Prime & Store Sheep Reports

Former pastry cook Jess has the right lamb recipe

Terry Sim, November 17, 2021

Hamilton lamb producer Jess Menzel and her Kelpie Storm. Image – Jess Menzel.

SOUTH-WEST Victoria’s prime lamb turn-off started in earnest this week and Hamilton producer Jess Menzel was more than happy with the record prices for heavy new season lambs.

As Hamilton’s lamb yarding increased by 17,458, more than doubling to 31,468, Jess sold 90 33kg Poll Dorset cross lambs for a record new season draft price of $302 through Lanyons to Fletcher International Exports, Dubbo.

All up Jess said she and “the husband that I never see” contractor Lee Menzel sold 675 lambs this week, including 220 @$264 and 128 @ $263, for an overall average of $255, $25 higher than last week’s average of $230. She will sell the next draft next Monday and then shear and put the rest on a Summer crop to sell in February next year.

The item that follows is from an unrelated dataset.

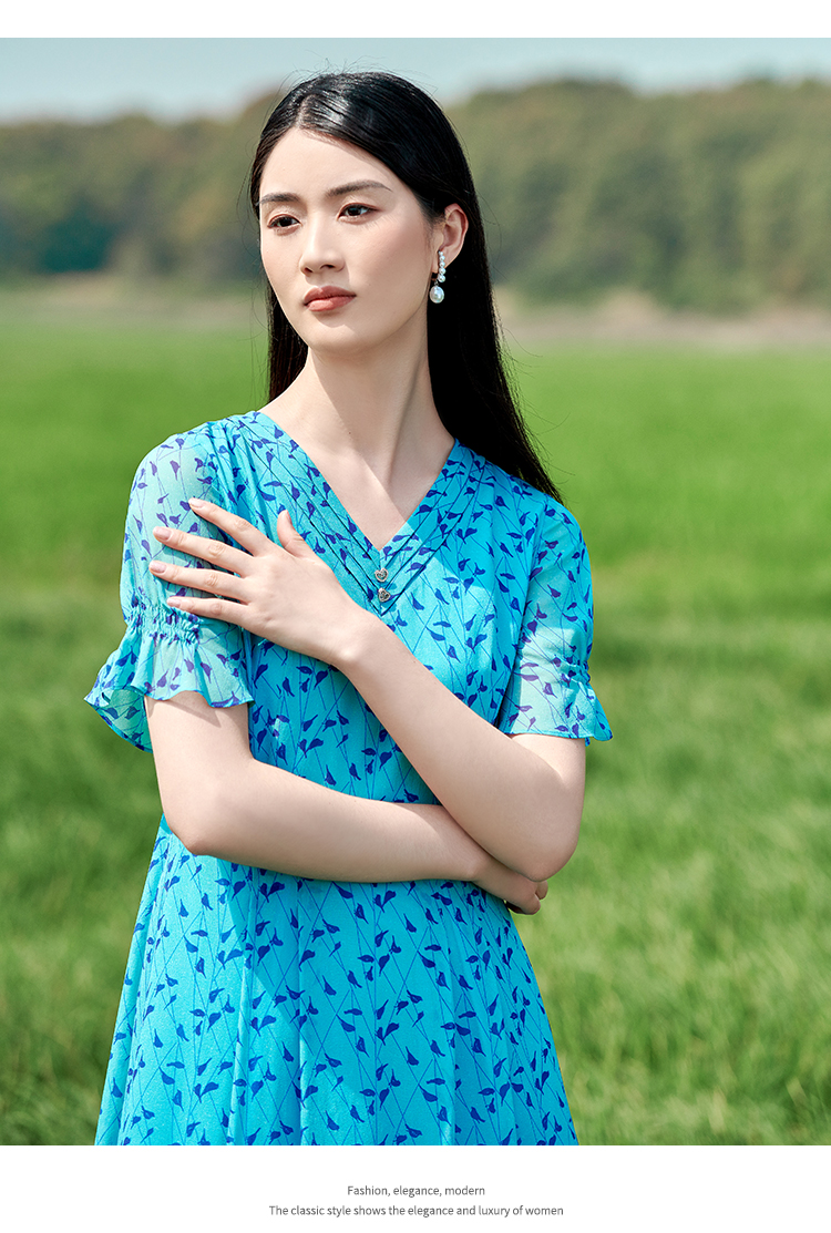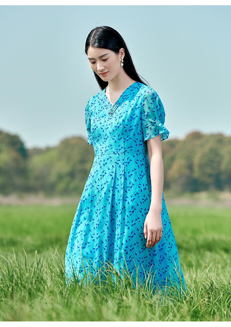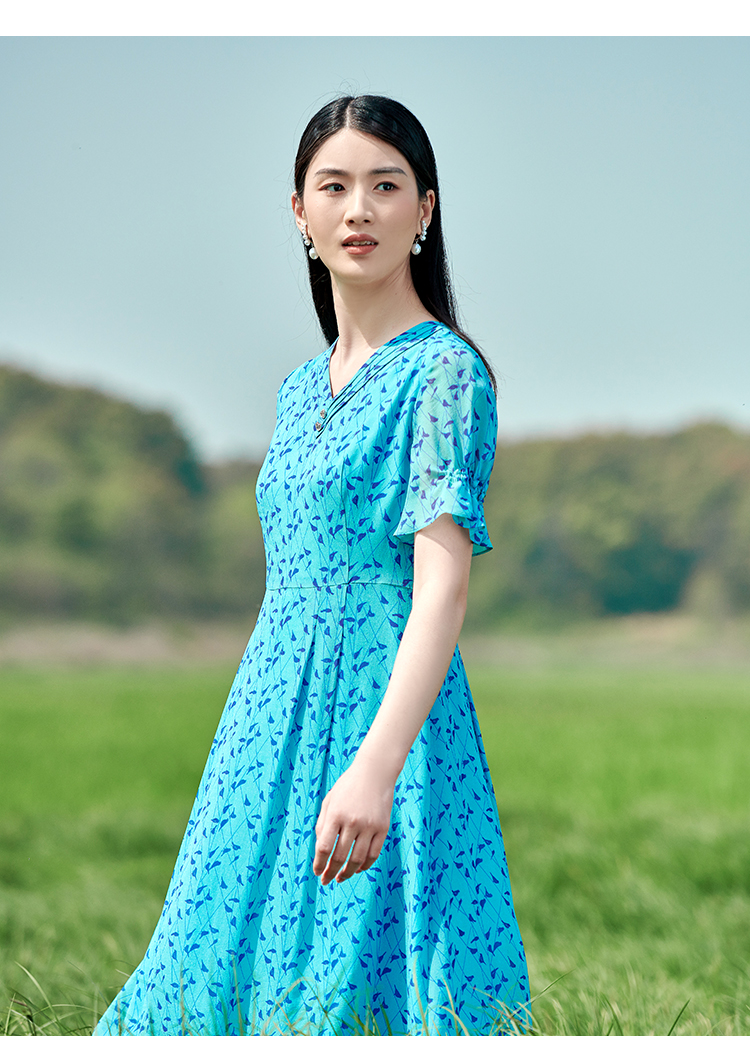 佐尔美2022夏季新款 桑蚕丝真丝小碎花甜美连衣裙女E22LS38

“Not a bad for a pastry cook and a truck driver.

“I was bloody rapt, I cried, that one was for my late father-in-law, Laurie ‘Chips’ Menzel, he died two years ago and I took his farm on.”

She said the season has been perfect, although a bit more sunshine would have done the lambs “a world of good.”

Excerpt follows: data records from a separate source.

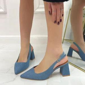 Primi Tacchi Chantal – Decolleté Donna Punta Scarpa Tacco Quadrato Denim Outlet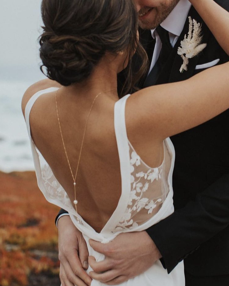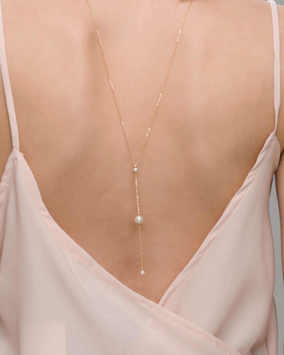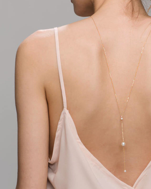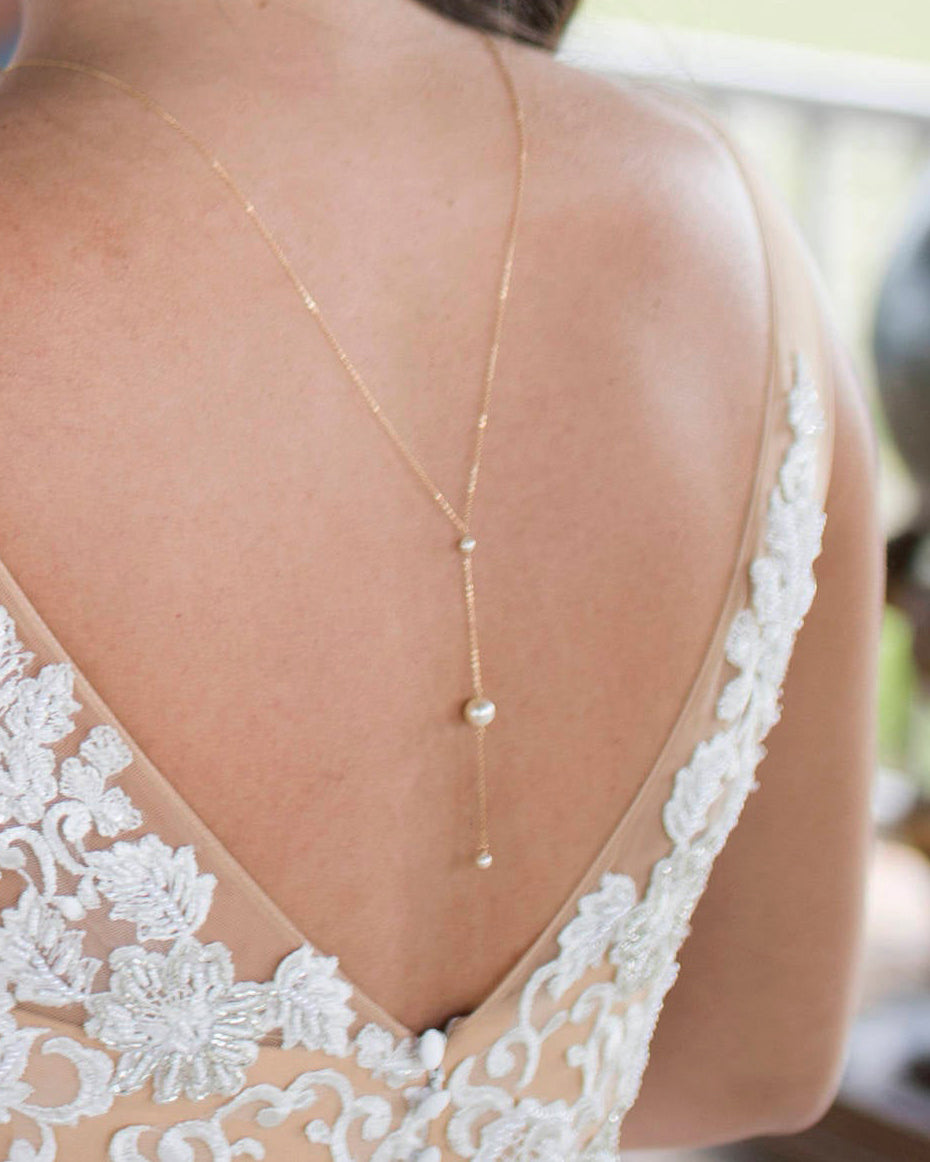 Dainty and Beautiful Back drop Necklace with 3 Pearls for your wedding dress or for any back less dress, low back dress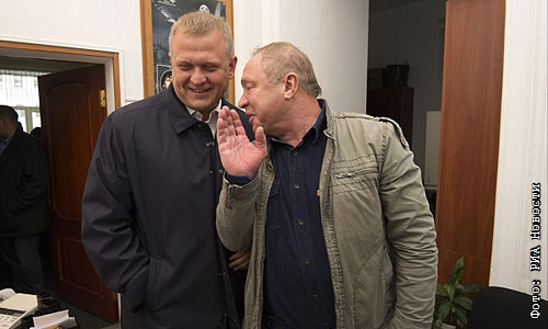 Руководитель департамента культуры Москвы Сергей Капков (слева) во время посещения театра "Школа современной пьесы" после пожара. Справа - художественный руководитель театра "Школа современной пьесы Иосиф Райхельгауз.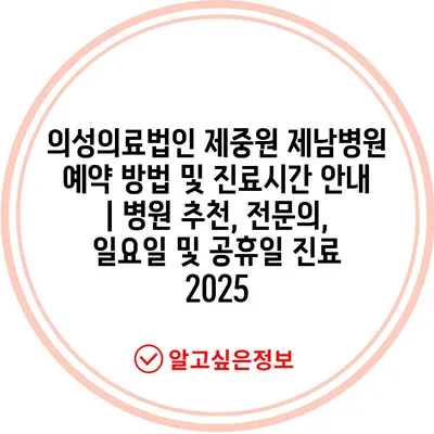 ✅ 제중원 제남병원의 예약 절차와 진료시간을 자세히 알아보세요.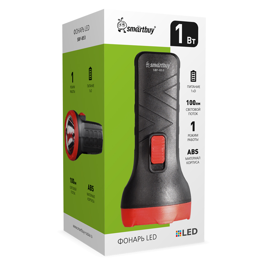 Smartbuy SBF-853 Фонарь LED, элемент питания тип D, 1 вт, 13х6 см, ABS

“We had no grass in Winter and now we’ve got too much.”

Jess Menzel with her $302 lambs at the Hamilton saleyards today.

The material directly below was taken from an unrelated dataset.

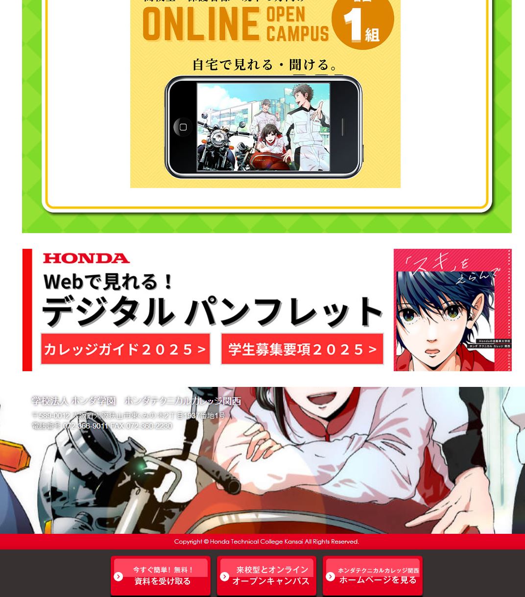 公式のホームページには、入試・オープンキャンパス・就職・資格・学科・奨学金・アクセス等、さまざまな情報があり、また、訪れる方によって知りたい情報、目的が違います。本校は、まずは3分でホンダテクニカルカレッジ関西がわかるようにLPをご用意しております。更に詳細情報が知りたい方はLPから【資料請求・オープンキャンパス予約・ホームページ】へ簡単にアクションができるようになっております。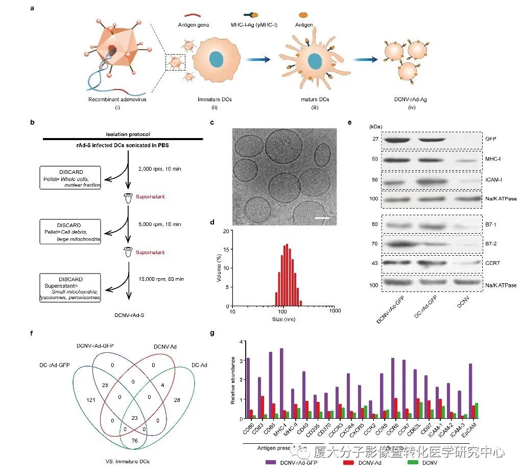 在这项工作中,刘刚教授团队基于课题组创建的细胞膜仿生定向表达展示技术(Adv Mater 2019, Angew Chem 2018, PNAS 2015, et al.),将工程化树突状细胞(DCs)膜作为一种天然的免疫活化信号转导载体,调控DCs表面共刺激分子表达,构建了ASPIRE纳米囊泡疫苗平台,通过多重共刺激信号递送实现多维度的抗肿瘤免疫活化。制备的ASPIRE疫苗体系,因为其来源于DC母细胞表面与归巢效应相关的功能性趋化因子和粘附分子,以及可控的纳米尺寸,所以能迅速穿越组织间隙,实现在淋巴结的富集,并介导CD8+T细胞主导的抗原特异性免疫应答。有别于传统的疫苗递呈方式,研究中所制备的疫苗可以直接将表位递呈至T细胞,且不需要体内的抗原递呈细胞的参与。这种抗原递呈模式很大程度提高了免疫活化的效率。该疫苗即使在实体瘤的治疗中也发挥了非常强劲的效果,实现对实体肿瘤的彻底清除,并诱导长效的免疫记忆,相关授权专利(ZL 202010070724.9)已完成企业技术转移开展临床转化研究。

Jess said she sells about 2000 lambs a year, mainly bred by crossing Poll Dorset rams over the ewe progeny of a White Suffolk-first cross ewe crossbred. For the last few years she has been buying her Poll Dorset rams off Lachie Kelly at Hexham who took over the former Claronden stud from Aaron Pascoe at Caramut.

“I reckon they are doing the job,” she said.

Lanyons auctioneer Warren Clark said the lamb turn-off was normal for the region.

“We’ve gone from 1600 to 15,000 to 35,000 and we’ll got to 50,000 next week.

“Then we’ll do the first two weeks in December which are going to be the big ones, two 60s, I would imagine.”

National Livestock Reporting Service reporter Chris Agnew said the yarding, up 17,458 on last week, attracted a full field of buyers.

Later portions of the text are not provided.